The applied research carried out for the thesis over the course of four years involved 189 Estonian teachers and educational technologists from 67 schools as well as over 2000 students. As a result, the researcher created a TELIP (Technology Enhanced Learning Innovation Process) model describing the three-step process that teachers follow to adapt to new technological learning methods (Consciousness-Acceptance-Adoption). In order to move from one stage to another, various factors favoring the sustainability of the learning method must be taken into consideration. In creating the model, the world’s most common technology adoption patterns as well as practical research in the field over the past decades were taken into consideration. The process of testing the model involved teachers in grades 3 and 6 who had incorporated the use of robots into their math teaching methods over the course of three years.

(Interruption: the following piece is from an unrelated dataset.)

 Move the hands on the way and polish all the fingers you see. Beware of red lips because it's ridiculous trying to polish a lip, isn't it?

The importance of the TELIP model and other similar approaches is on the rise due to the need to effectively and sustainably implement the information-intensive and relatively expensive learning methods necessary for the green revolution in the European Union. Leoste hopes the document will help educators, politicians and school leaders understand that simply using an innovative teaching method is not enough to integrate that method into teachers’ classroom practices. In order to enrich their teaching methods, teachers need to be confident that the new approach will add value to the learning process as a whole as well as to learning outcomes and student well-being. The only way to provide this assurance to teachers is to test the new methods in real-life situations – a process that can last the entire school year or longer. It is true, however, that the tests can lead teachers to believe that the new method is not suitable for practical use. From the point of view of national education policy, the implementation of a new learning method must therefore take into account the factors which prove the durability of the method, in particular the social practices associated with the acquisition of the method. Factors influencing teachers’ adherence and acceptance of the method should be addressed at certain stages of the method implementation process to enable them to integrate it more quickly and painlessly into their teaching practices.

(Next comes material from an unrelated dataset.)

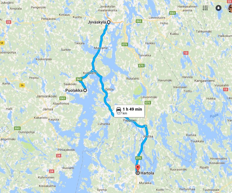 Asiaa sen tarkemmin tutkimatta ajattelin, että ok, poiketaan täällä samalla kuin käymme Jyväskylässä. Vasta edellisenä iltana, Pihtiputaan Kärväsjärvellä yöpyessämme, kävimme vähän tarkemmin läpi seuraavan päivän reittiämme Pihtiputaalta Petäjäveden kirkon kautta Jyväskylään ja edelleen Hartolaan, josta olimme varanneet seuraavan yöpymisemme. Tarkempi tutkimus Oravivuoren sijainnista osoitti sen olevan Päijänteen länsipuolella siinä missä yöpymisemme oli varattu Päijänteen itäpuolelta. Oravivuori ei myöskään ollut ihan Jyväskylässä, vaan Puolakkaan, on matkaa yli 40 kilometriä! Pohdin jo hetken Oravivuoren vaihtamista vaikka Porlammissa sijaitsevaan Struven ketjun pisteeseen ja sen yhdistämistä joskus myöhemmin tehtävään retkeen Verlan Unescon maailmanperintökohteeseen, mutta kun sitten löytyi sentään Kärkisten silta, jota pitkin siirtyminen Päijänteen länsipuolelta itäpuolelle onnistuisi ilman yletöntä määrää lisäkilometrejä, niin Oravivuori se on!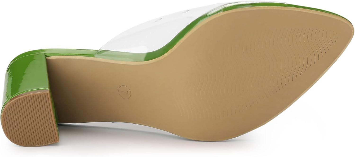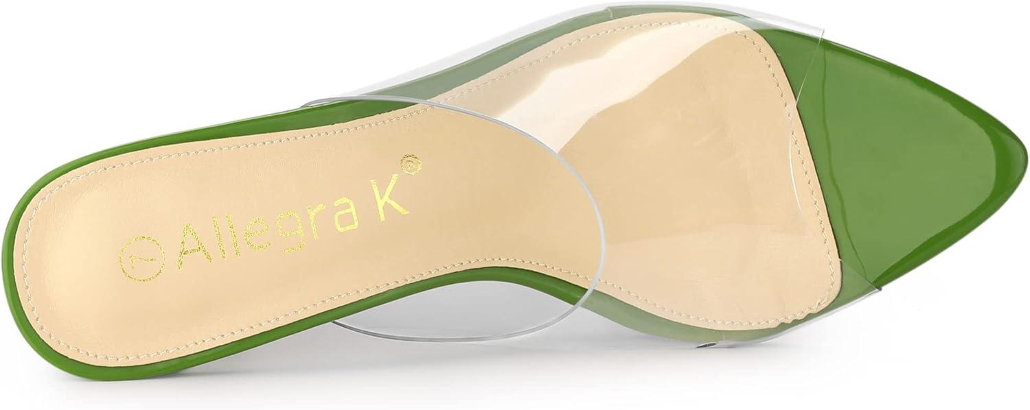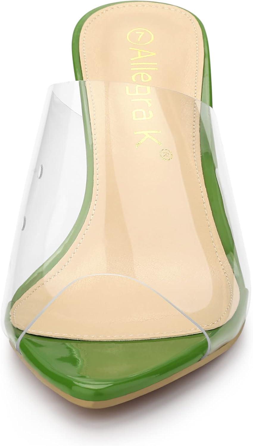 Allegra K Women’s Clear Chunky Heel Slides Sandals Mules(Green)

With the participation of the University of Tallinn, the TELIP model has been used in several project proposals which will be submitted to the Horizon Europe application cycle for the sustainable implementation of innovative learning methods.
The thesis supervisors are Professor Mati Heidmets, University of Tallinn, and Professor Learning Analytics and Educational Innovation Timo Tobias Ley, Tallinn University. Opponents are Professor Margus Pedaste, University of Tartu, and Associate Professor Kalle Juuti, University of Helsinki.
The thesis is available in the ETERA digital environment of the TU Academic Library.